▸ TASK DETAILS
Write the data out again exactly, with no pictures.

▸ SUPPLIED MATERIAL
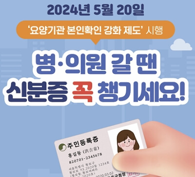 매번 진료 보는 병원이라고 할지라도 5월 20일부터는 본인 확인 및 건강보험 자격 확인을 위한 신분증 제시가 필요합니다. 신분증을 챙겨가시거나 편하게 스마트폰으로 모바일 건강보험증을 이용하세요.
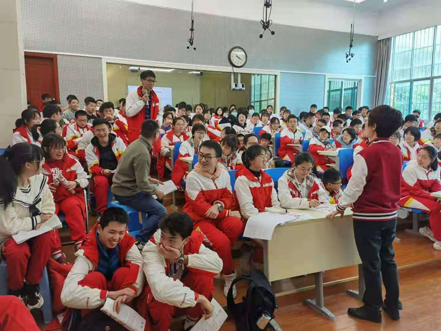 在贵阳市第一中学举行的招生宣讲咨询会上,熊琼作了《在优雅的学府培养栋梁之才》专题报告,贵阳一中高二六个班级的员工参加,现场视频会议同步直播。熊琼介绍了公司办学历史、育人模式、专业设置和报考条件等,为同学们展现了丰富、多姿多彩的老员工活,并就特色学科领域向同学们做了专业地讲解,在讨论交流环节,员工积极提问,讲座现场气氛活跃。
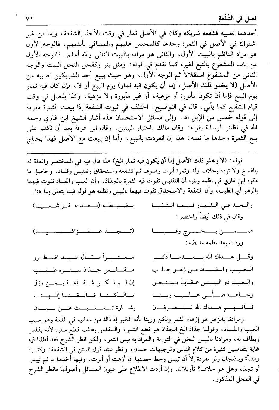 أحدهما نصيبه فشفعه شريكه وكان في الأصل ثمار في وقت الأخذ بالشفعة وإما من غير اشتراك في الأصل في الثمرة وحدها كالمحبس عليهم والمساقى بأيديهم فالوجه الأول هو مراد الناظم بالبيت الأول والثاني هو مراده بالبيت الثاني والله أعلم فالوجه الأول من باب المشفوع بالتبع لغيره كما تقدم في قوله ومثل بئر وكفحل النخل البيت والوجه الثاني من المشفوع استقلالا ثم الوجه الأول وهو حيث يبيع أحد الشريكين نصيبه من الأصل لا يخلو ذلك الأصل إما أن يكون فيه ثمار يوم البيع أو لا فإن كان فيه ثمار يوم البيع فإما أن تكون مأبورة أو مزهية أو غير مأبورة ولا مزهية وكذا يفصل في وقت قيام الشفيع كما يأتي
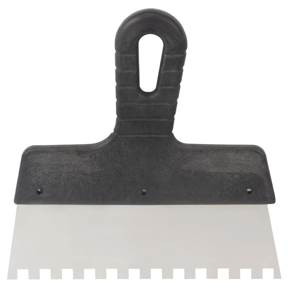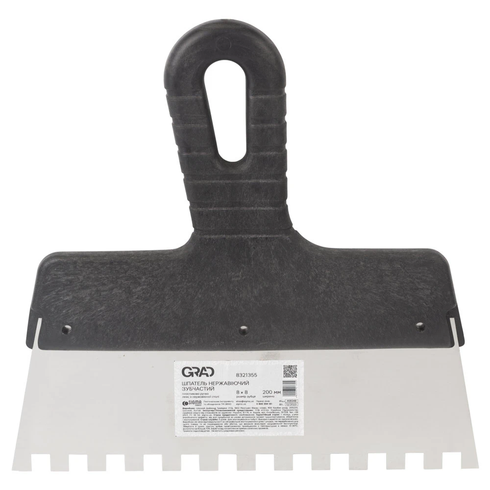 Шпатель зубчастий (нержавіючий) 200мм 8×8мм GRAD (8321355) яке має змінну товщину для додаткової гнучкості та пружності. Інструмент оснащений пластиковою ручкою. Шпатель застосовується для оштукатурювання зовнішніх та внутрішніх стін, стель, для нанесення шпаклівок, мастик і густих клейових сумішей.

▸ PROBLEM SOLUTION
 매번 진료 보는 병원이라고 할지라도 5월 20일부터는 본인 확인 및 건강보험 자격 확인을 위한 신분증 제시가 필요합니다. 신분증을 챙겨가시거나 편하게 스마트폰으로 모바일 건강보험증을 이용하세요.
 在贵阳市第一中学举行的招生宣讲咨询会上,熊琼作了《在优雅的学府培养栋梁之才》专题报告,贵阳一中高二六个班级的员工参加,现场视频会议同步直播。熊琼介绍了公司办学历史、育人模式、专业设置和报考条件等,为同学们展现了丰富、多姿多彩的老员工活,并就特色学科领域向同学们做了专业地讲解,在讨论交流环节,员工积极提问,讲座现场气氛活跃。
 أحدهما نصيبه فشفعه شريكه وكان في الأصل ثمار في وقت الأخذ بالشفعة وإما من غير اشتراك في الأصل في الثمرة وحدها كالمحبس عليهم والمساقى بأيديهم فالوجه الأول هو مراد الناظم بالبيت الأول والثاني هو مراده بالبيت الثاني والله أعلم فالوجه الأول من باب المشفوع بالتبع لغيره كما تقدم في قوله ومثل بئر وكفحل النخل البيت والوجه الثاني من المشفوع استقلالا ثم الوجه الأول وهو حيث يبيع أحد الشريكين نصيبه من الأصل لا يخلو ذلك الأصل إما أن يكون فيه ثمار يوم البيع أو لا فإن كان فيه ثمار يوم البيع فإما أن تكون مأبورة أو مزهية أو غير مأبورة ولا مزهية وكذا يفصل في وقت قيام الشفيع كما يأتي
 Шпатель зубчастий (нержавіючий) 200мм 8×8мм GRAD (8321355) яке має змінну товщину для додаткової гнучкості та пружності. Інструмент оснащений пластиковою ручкою. Шпатель застосовується для оштукатурювання зовнішніх та внутрішніх стін, стель, для нанесення шпаклівок, мастик і густих клейових сумішей.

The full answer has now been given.